The University of Arkansas "Education Reform" department, funded by the Walton family which owns Wal-Mart, continues the tradition that many of its professors established before they became an academic department at a major state university: publishing "preliminary" studies showing that the right wing agenda is true. Whereas once upon a time some of the Wal-Mart professors did their work as part of an entity called the Manhattan Institute, thanks to a major grant from the Walton Family Foundation, they now get to publish the same kind of materials as scholars with the backing of a major university.

Here is what happened.

A few years ago, the Walton family made the largest single donation in history to a public university. As part of the donation to the University of Arkansas, the Waltons got the university to establish a "Department of School Reform" inside the university's education school. That department was then headed by Jay Greene, who until then had been in charge of a right wing think tank called the "Manhattan Institute." Each of the seven full professors in Greene's department is a full professor in an "endowed chair." University of Arkansas officials assured the handful of skeptics that the professors of education reform would adhere to the highest standards of professional review for any studies.

Critics and skeptics suggested that the "School Reform" professors were likely to continue Jay Greene's habit of issuing "preliminary reports" and "preliminary studies". These enable their authors to do two things: avoid peer review and scientific verification for their claims, and spread their reports widely through the Op Ed and reporting departments of many newspapers and other news organizations.

In the latest example of ideology trumping facts and science, Greene's department issued a challenge to a recent study by the Wisconsin Department of Education showing, once again, that the Milwaukee school voucher program is a failure, even for the main audience it claims to be serving by offering what conservatives call "choice." The Walton family has long been against public schools (and most other public services) based on the claim that the private sector and capitalist competition are always superior in every respect to public activities.

But a study of the recent "University of Arkansas" (Walton) study shows that, once again, the claims on behalf of vouchers were a case of ideology trumping facts and science. One component of the University of Arkansas program is called "the School Choice Demonstration Project (SCDP)", housed at the University of Arkansas Department of School Reform.

On June 2, 2011, a group of scholars issued a report critical of the University of Arkansas claims.

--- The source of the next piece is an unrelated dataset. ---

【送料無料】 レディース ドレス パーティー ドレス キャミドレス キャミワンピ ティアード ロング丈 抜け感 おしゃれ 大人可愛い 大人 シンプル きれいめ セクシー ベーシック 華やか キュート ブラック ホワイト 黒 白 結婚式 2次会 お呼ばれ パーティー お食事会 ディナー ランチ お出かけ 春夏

According to a review published by the National Education Policy Center (NEPC), housed at the University of Colorado at Boulder School of Education, once again the voucher proponents at the University of Arkansas are simply asserting their conclusions.

Voucher Report Uncritically Restates the Researchers’ Own Findings. The press release summarizing the report is reprinted below:

Univ. of Arkansas project’s analysis of Milwaukee voucher plan accurately summarizes its earlier, unpublished findings, but continues to ignore broader research that challenges them

http://nepc.colorado.edu

BOULDER, CO (June 2, 2011)—The Comprehensive Longitudinal Evaluation of the Milwaukee Parental Choice Program: Summary of Fourth Year Reports, published by the School Choice Demonstration Project (SCDP) at the University of Arkansas, is of limited value because it simply relies on the project’s previous reports and ignores broader voucher research.

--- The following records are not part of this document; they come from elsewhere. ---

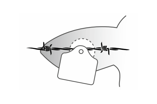 耳标的设计要符合动物的需求,为了避免动物在进食或其他动作卡在某个地方,拉拽耳朵而造成损伤,耳标能够自由转动非常重要。
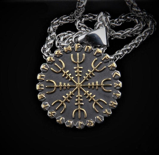 Vegvisir & Aegishjalmur 2 Sides Runic Necklace
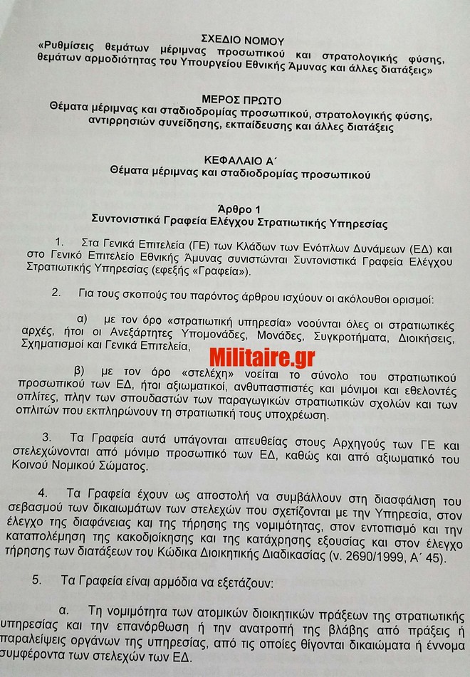 “Στα Γενικά Επιτελεία των Κλάδων Ενόπλων Δυνάμεων και στο ΓΕΕΘΑ, συνιστώνται Συντονιστικά Γραφεία Ελέγχου Στρατιωτικής Υπηρεσίας”.

The report was reviewed for the Think Twice think tank review project by Clive Belfield of Queens College, City University of New York. The review is published by the National Education Policy Center, housed at the University of Colorado at Boulder School of Education.

The new report summarizes the SCDP’s earlier research on the Milwaukee Parental Choice Program, the nation’s oldest and largest taxpayer-funded private school voucher program. Participation in the program is currently income-restricted and open only to Milwaukee Public School District families, although Wisconsin Gov. Scott Walker has proposed removing the income cap and expanding the program to additional districts in the state.

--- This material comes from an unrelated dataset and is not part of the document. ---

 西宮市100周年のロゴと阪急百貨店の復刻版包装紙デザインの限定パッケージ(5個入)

Since 2006, the SCDP has produced 27 reports on the Milwaukee program. The findings of the new summary report, authored by Patrick Wolf, “should be viewed with caution but interest,” Belfield writes. “The report’s method is simple: it uncritically re-states findings from studies performed by persons affiliated with the SCDP and does so in isolation from any other research,” according to Belfield. “The author is of course free to summarize the SCDP’s own research, but it is worth noting that none of it has been published in peer-reviewed journals and it is far from a comprehensive explanation of the MPCP.”

“The summary is faithful to those other studies,” Belfield observes, “but readers would do better to read the other studies directly and they would certainly be better off reading those other studies along with the extensive research and reviews that this new study neglects to engage with.”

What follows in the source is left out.